Было тихо, но весь мир и поселок были полны этим шумом, который возникал, если прикрыть уши руками. Отсюда казалось, что церковь стоит на поляне вровень с поселком, а все эти дома, даже двухэтажные, даже те, что, казалось, стояли где-нибудь на отшибе, тонули в зелени окружающей и той, что лезла из земли в разных местах прямо среди строений, тропок и дорог, причем железной дороги вовсе не было видно из-за леса. Так что все это жалкое скопище строений будто возникло само собой среди леса и уже тонуло постепенно в этом лесу, как в болоте. Несколько секунд, не больше, глазел он сверху на окрестности, а потом вестибулярный аппарат, опережая зрение, дал знать Никите, что произошло какое-то движение.
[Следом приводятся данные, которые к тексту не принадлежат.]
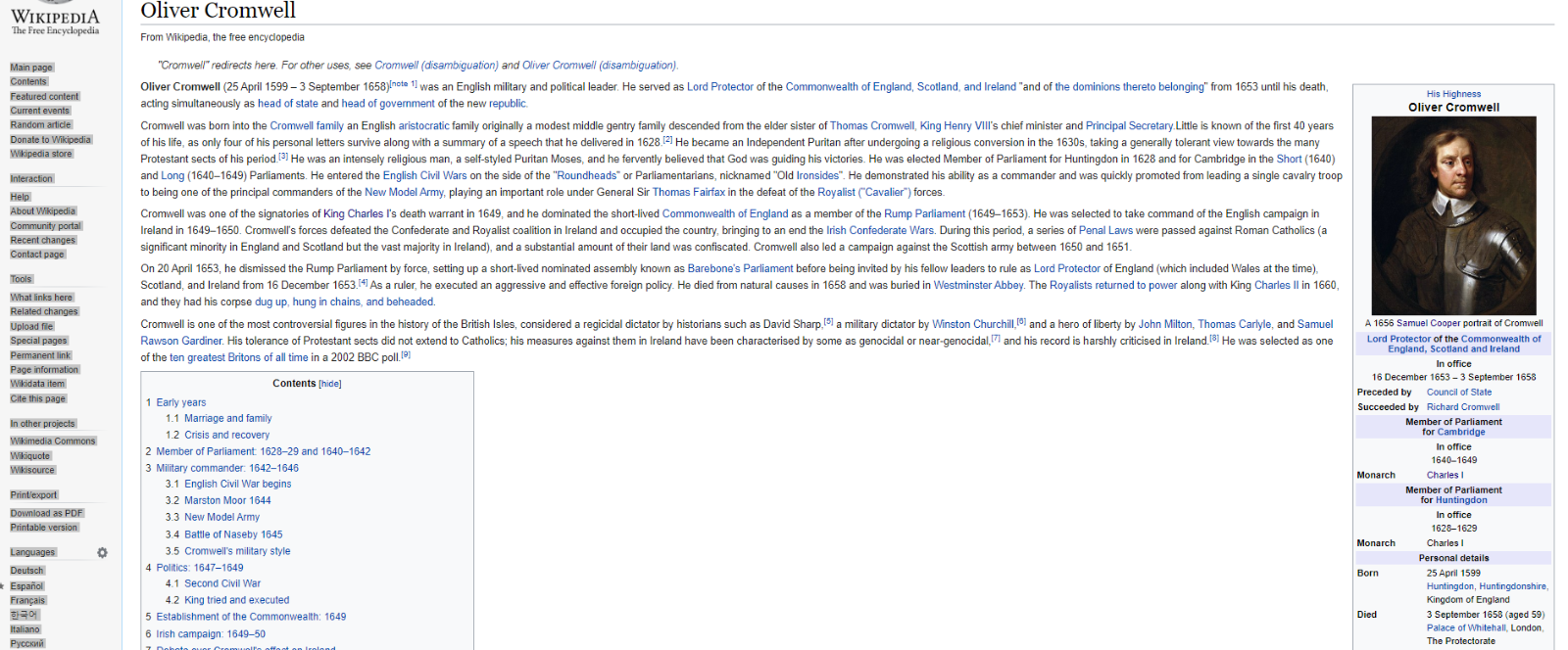 Oliver Cromwell (born 25 April 1599 – died 3 September 1658) is considered one of the most important historical figures in UK history.

Никита неожиданно для себя оказался среди живой хвои, ощутил ее запах и запах смолы — это его сухое дерево упало и оперлось на ель по соседству. «Нужно, наверное, перелезть» — догадался Никита, отпустил ствол сухой и зацепился за живую ветку, чувствуя, что марает руки чешуйками коры, проследил, как мертвая ель с ее металлической бляхой падает дальше, вдоль светлой каменной стены, покрытой трещинами, а затем до него донесся звук, далекий и потому сведенный расстоянием до безобидного: будто кто-то пнул кучу сухих осенних листьев. «Если это так, если так оно и случается, то это совсем не страшно» — решил Никита про смерть и стал спускаться, руки его и ноги при этом были слабы, как от пережитого ужаса. Это тело боялось перестать быть, а не Никита, это оно хотело успеть что-то, желало закрепить свое существование среди этих поселков, городков и городов, карабкающихся из разрушения и саморазрушения, это оно хотело оставить после себя что-то или кого-то, но это Никита понял гораздо позже, не в тот день.